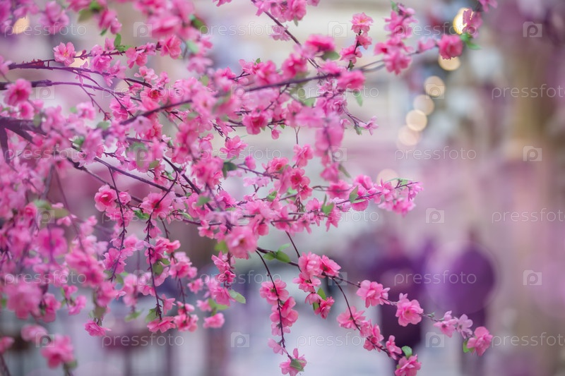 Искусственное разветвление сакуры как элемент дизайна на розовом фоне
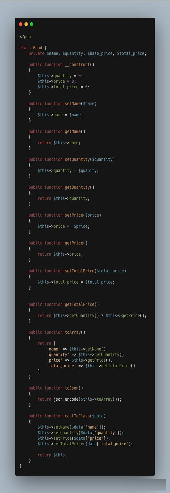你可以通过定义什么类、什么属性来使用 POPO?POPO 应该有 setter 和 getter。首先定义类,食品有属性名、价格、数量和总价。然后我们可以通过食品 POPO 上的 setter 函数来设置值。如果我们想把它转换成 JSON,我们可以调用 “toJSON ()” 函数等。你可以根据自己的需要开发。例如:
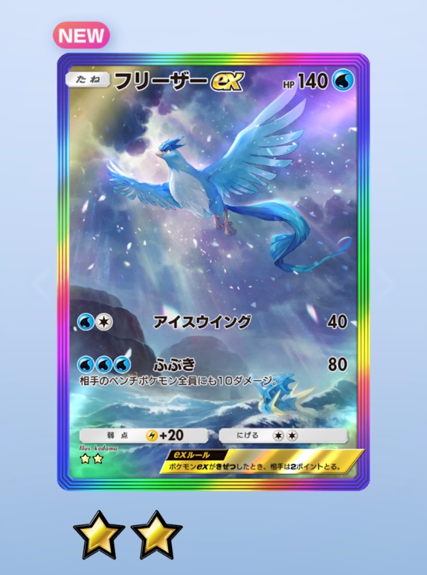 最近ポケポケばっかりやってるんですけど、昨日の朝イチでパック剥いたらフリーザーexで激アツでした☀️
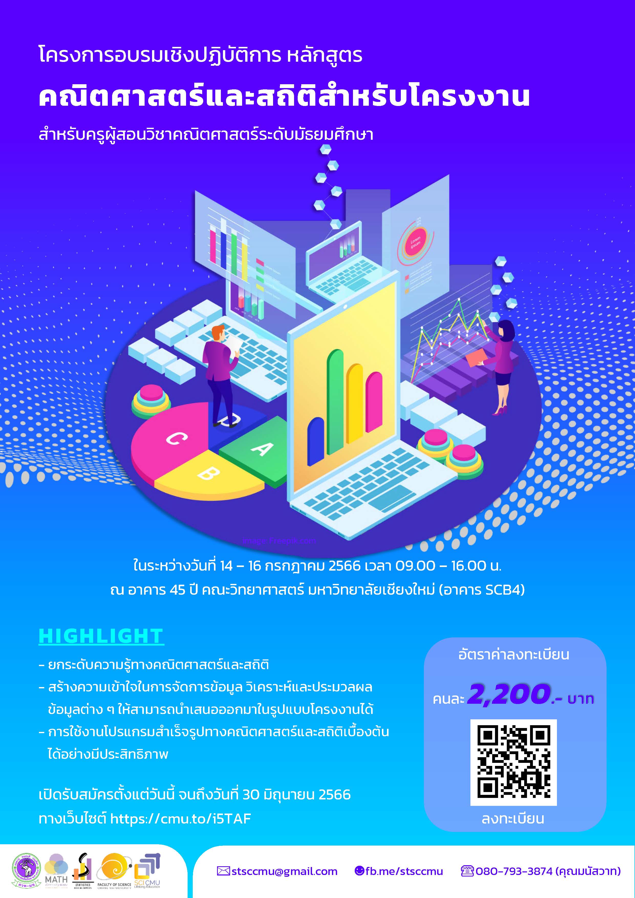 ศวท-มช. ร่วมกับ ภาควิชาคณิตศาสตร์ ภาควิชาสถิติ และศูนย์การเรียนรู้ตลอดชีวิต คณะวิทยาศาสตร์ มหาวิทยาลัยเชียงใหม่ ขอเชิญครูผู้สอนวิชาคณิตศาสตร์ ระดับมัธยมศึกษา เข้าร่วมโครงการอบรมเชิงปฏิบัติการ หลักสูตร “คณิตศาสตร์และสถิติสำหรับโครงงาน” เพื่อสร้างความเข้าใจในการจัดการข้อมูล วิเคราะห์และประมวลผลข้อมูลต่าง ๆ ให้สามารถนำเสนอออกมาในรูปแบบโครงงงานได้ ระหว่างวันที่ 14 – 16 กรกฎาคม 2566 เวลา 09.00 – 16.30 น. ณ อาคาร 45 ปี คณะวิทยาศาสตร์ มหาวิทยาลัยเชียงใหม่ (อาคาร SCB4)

==============================

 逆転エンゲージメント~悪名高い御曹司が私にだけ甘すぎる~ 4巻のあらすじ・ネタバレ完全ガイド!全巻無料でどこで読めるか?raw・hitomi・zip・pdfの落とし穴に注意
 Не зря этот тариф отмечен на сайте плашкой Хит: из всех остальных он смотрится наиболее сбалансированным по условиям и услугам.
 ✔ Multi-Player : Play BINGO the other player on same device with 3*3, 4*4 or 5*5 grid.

==============================

EXERCISE OBJECTIVE:
Leave the pictures out. Output, exactly, the lines of the material above starting at the line containing "Искусственное разветвление сакуры" and ending at the line containing "ศวท-มช. ร่วมกับ ภาควิชาคณิตศาสตร์".

YOUR RESPONSE:
 Искусственное разветвление сакуры как элемент дизайна на розовом фоне
你可以通过定义什么类、什么属性来使用 POPO?POPO 应该有 setter 和 getter。首先定义类,食品有属性名、价格、数量和总价。然后我们可以通过食品 POPO 上的 setter 函数来设置值。如果我们想把它转换成 JSON,我们可以调用 “toJSON ()” 函数等。你可以根据自己的需要开发。例如:
 最近ポケポケばっかりやってるんですけど、昨日の朝イチでパック剥いたらフリーザーexで激アツでした☀️
 ศวท-มช. ร่วมกับ ภาควิชาคณิตศาสตร์ ภาควิชาสถิติ และศูนย์การเรียนรู้ตลอดชีวิต คณะวิทยาศาสตร์ มหาวิทยาลัยเชียงใหม่ ขอเชิญครูผู้สอนวิชาคณิตศาสตร์ ระดับมัธยมศึกษา เข้าร่วมโครงการอบรมเชิงปฏิบัติการ หลักสูตร “คณิตศาสตร์และสถิติสำหรับโครงงาน” เพื่อสร้างความเข้าใจในการจัดการข้อมูล วิเคราะห์และประมวลผลข้อมูลต่าง ๆ ให้สามารถนำเสนอออกมาในรูปแบบโครงงงานได้ ระหว่างวันที่ 14 – 16 กรกฎาคม 2566 เวลา 09.00 – 16.30 น. ณ อาคาร 45 ปี คณะวิทยาศาสตร์ มหาวิทยาลัยเชียงใหม่ (อาคาร SCB4)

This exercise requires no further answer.